> GIVEN MATERIAL:
== Segment start ==

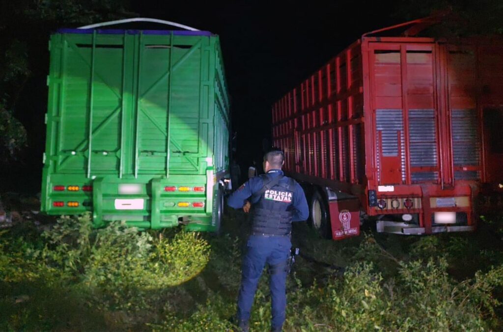 Los vehículos asegurados son: un tractocamion Freigthliner, de color verde con blanco y franjas amarillas, así como otro de la marca Kenworth, de color rojo.
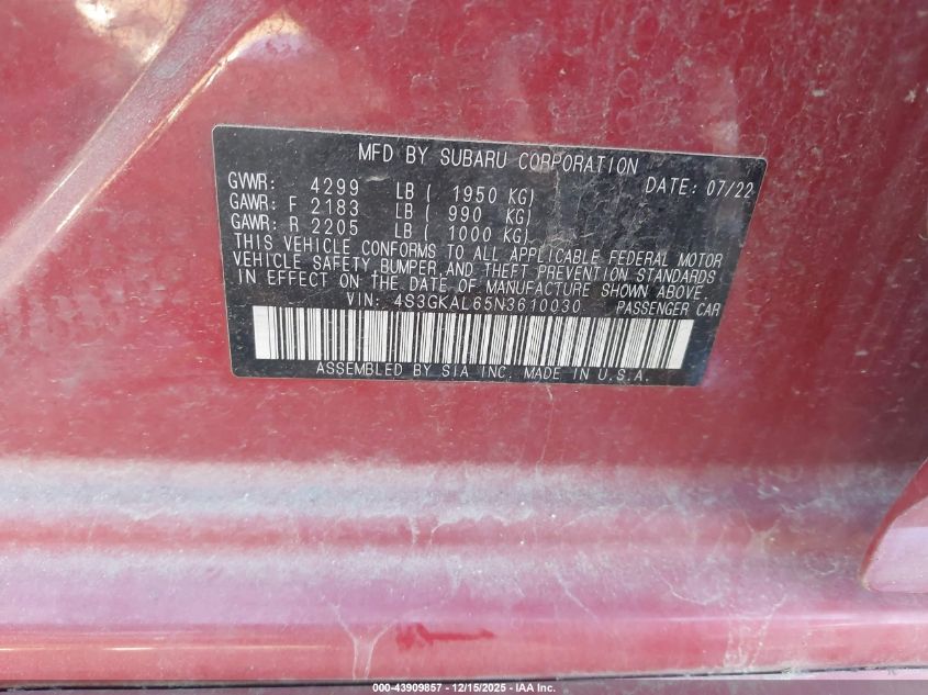 2022 SUBARU IMPREZA - 4S3GKAL65N3610030, колір - , 2.0, Бензин, Повний привід із США
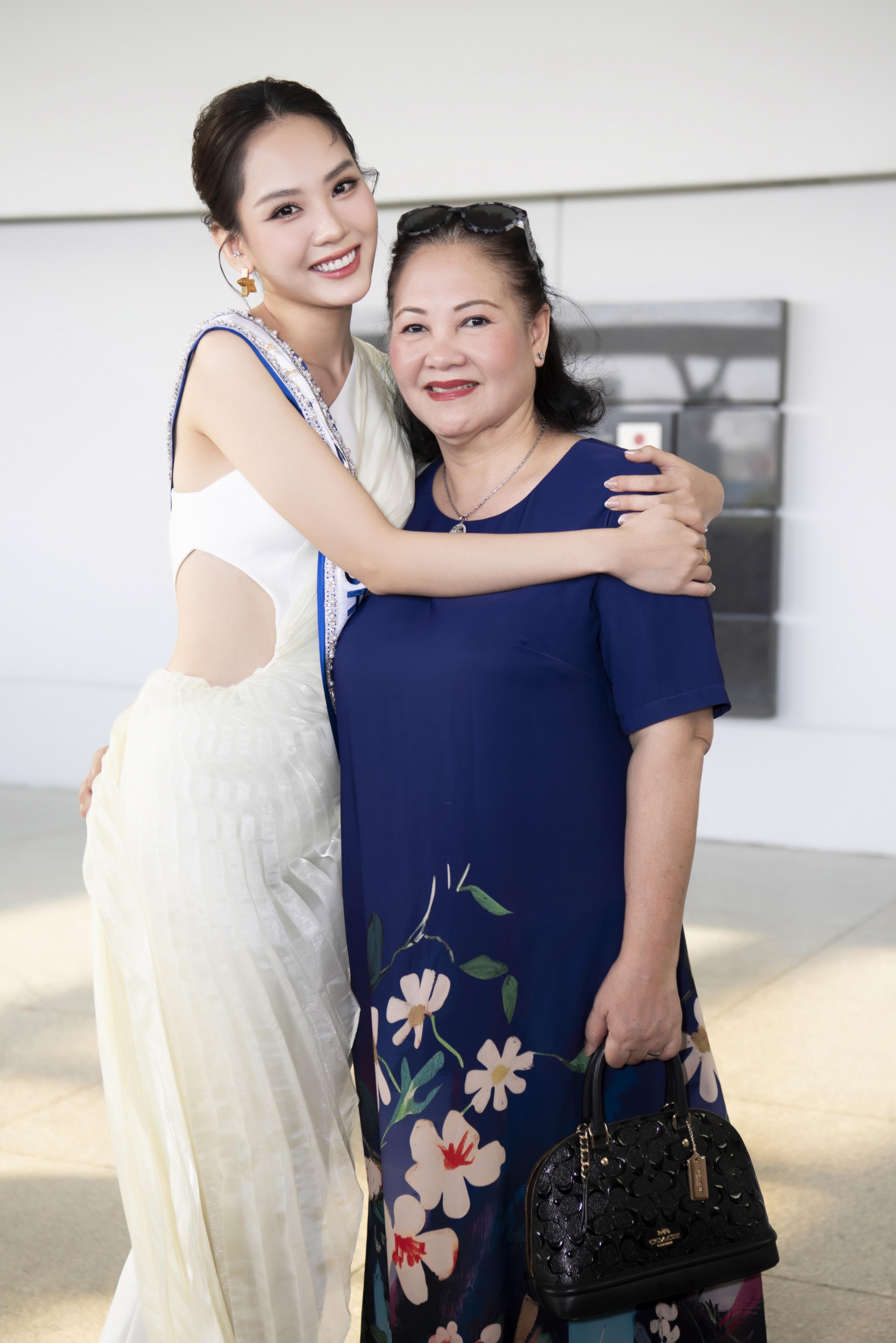 Mai Phương được mẹ, CEO Phạm Kim Dung và bạn bè ra sân bay tiễn trước thềm "chinh chiến". |

== Segment end ==

The whole listing should be restated word for word, with no pictures.

> ANSWER FOR THIS EXERCISE:
 Los vehículos asegurados son: un tractocamion Freigthliner, de color verde con blanco y franjas amarillas, así como otro de la marca Kenworth, de color rojo.
 2022 SUBARU IMPREZA - 4S3GKAL65N3610030, колір - , 2.0, Бензин, Повний привід із США
 Mai Phương được mẹ, CEO Phạm Kim Dung và bạn bè ra sân bay tiễn trước thềm "chinh chiến". |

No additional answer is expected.